Surat Imajiner Seorang Anak Yatim


sumber : from email …

Subuh itu, samar-samar kudengar suara adzan dari mushola dekat rumah, ingin rasanya segera bangkit dan pergi menuju asal suara itu, namun rasa kantuk dan keinginan untuk memperpanjang tidur lebih kuat menyelimuti fikiranku, kemudian mengikat seluruh tubuhku dan mengunci seluruh sendi-sendi hingga aku tidak bisa membangunkan diri.

Tiba-tiba kenyamanan itu terbuyarkan, oleh suara panggilan seorang laki-laki yang penuh kharisma dengan suara khasnya, yang mampu meluluh lantakan keengganan dan menghancurkan kemalasanku, selimut dan ikatan itu akhirnya terurai, suara itu membebaskan dan mengarahkanku untuk pergi menuju mushola. Suara itu adalah ayahku, yang sejak sebelum datang waktu subuh, telah lama berdiri, rukuk, sujud dan duduk diatas sejadahnya yang berwarna hijau itu.

Sekarang aku tahu, bahwa ayahku selalu bangun lebih awal dan melaksanakan shalat Tahajud, memohon kepada Allah agar kami sekeluarga diberikan kesehatan dan keselamatan. Bermunajat kepada Yang Rahman agar anak-anaknya menjadi Imam bagi orang-orang yang bertaqwa.

Terimakasih Ya Rabb, seandainya aku tidak memiliki ayah yang biasa membangunkanku dikala subuh, mungkin sudah berbilang bulan aku lalui hari tanpa shalat subuh. Terimakasih Ayahku…

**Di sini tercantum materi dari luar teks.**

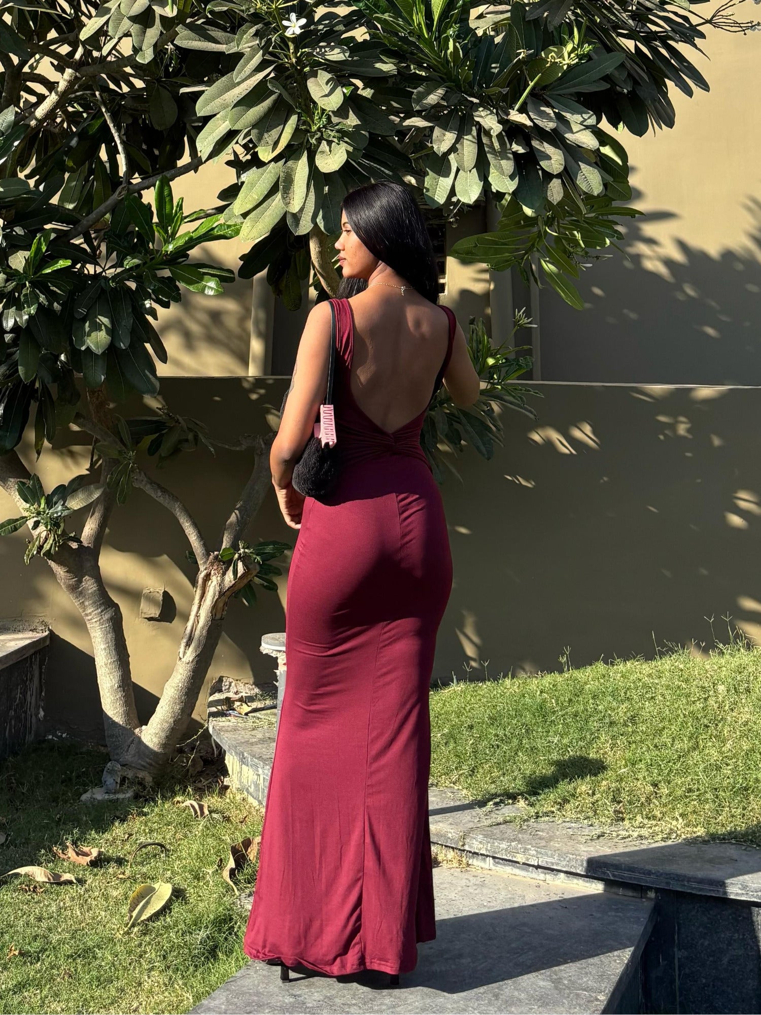 Looking for a Fitted Maxi Dress? Look no further. Maroon Dresses and jumpsuits, Maxi, Party, Travel, Vacay, Women Polyester

Jam 6.30 aku sudah siap berangkat kesekolah, dengan baju kemeja warna putih, dan celana pendek warna merah, dilengkapi dengan dasi dan topi serta sepatu hitam kesayanganku. Seperti hari-hari sekolah-ku yang lain, ayahku dengan sabar sudah menunggu-ku di halaman, ditemani dengan motornya yang sudah mulai tua.

Secepat kilat aku naik kemotor itu, duduk dibelakang ayahku dan aku peluk badannya erat-erat. Perlahan kehangatan badannya merambat ke seluruh tubuhku, terasa begitu nyaman, tentram dan aman berada di dekatnya, membuatku tak ingin melepaskannya, bahkan semakin erat tangan ini memeluknya. Sayup-sayup kudengar ayahku mengajak dan mengingatkan agar kami berdoa bersama dalam perjalanan itu…..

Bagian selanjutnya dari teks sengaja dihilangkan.